Pearson: Alright and you mentioned $2.00 a pound cotton in China. Soybeans are also are at a premium in China and corn too correct?
Brugler: Yeah. The September soybean contract, the one for next fall, was over $18.00 a bushel. The nearbys were in the $15.00 or $15.50 range which meant that when we got over $13.00 we're just now breaking even on shipping to China by the time you throw in ocean freight and tariffs and everything.
But that $18.00 figure for next fall was basically -- basically -- yeah, wait awhile there's still room to bring more in. Now again they were limit down on Friday also, the Chinese Market. So, that comes into question but that was very high, strong signal that they still wanted more soybeans and more cotton and there's a big debate of course if they want more U.S. corn. There's a big difference between USDA's numbers for Chinese corn production and the private estimates out of JCI, and some of the other entities that collect data over there.
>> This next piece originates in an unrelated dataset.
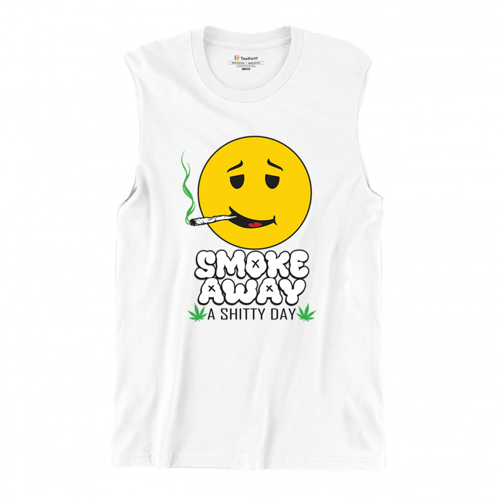 Smiley face with joint and “Smoke Away a Sh*tty Day†message. A perfect cannabis design for stoners, chillers, and sarcastic stress relief.

Pearson: Alright cotton market - highest since Civil War. Producers are sure going to take advantage of this. Are we seeing a lot of producers selling cotton. Obviously that's going to attract huge acres. You mentioned on the show that it's already attracted acres down in South America. What should American cotton producers be doing right now?
Brugler: I think that they need to get some forward contracts on the books or if they can't get them, get them -- get some hedges on probably options. It's real dangerous to be short futures in cotton right now. Go ahead and lock in at selling prices so that you know that you can go ahead and make the expansion next spring, you know, on your acreage. The worst thing you can do is buy all your inputs thinking hey we got this great cotton market and not lock in that price because again depending on what happens in China that price may not hold up.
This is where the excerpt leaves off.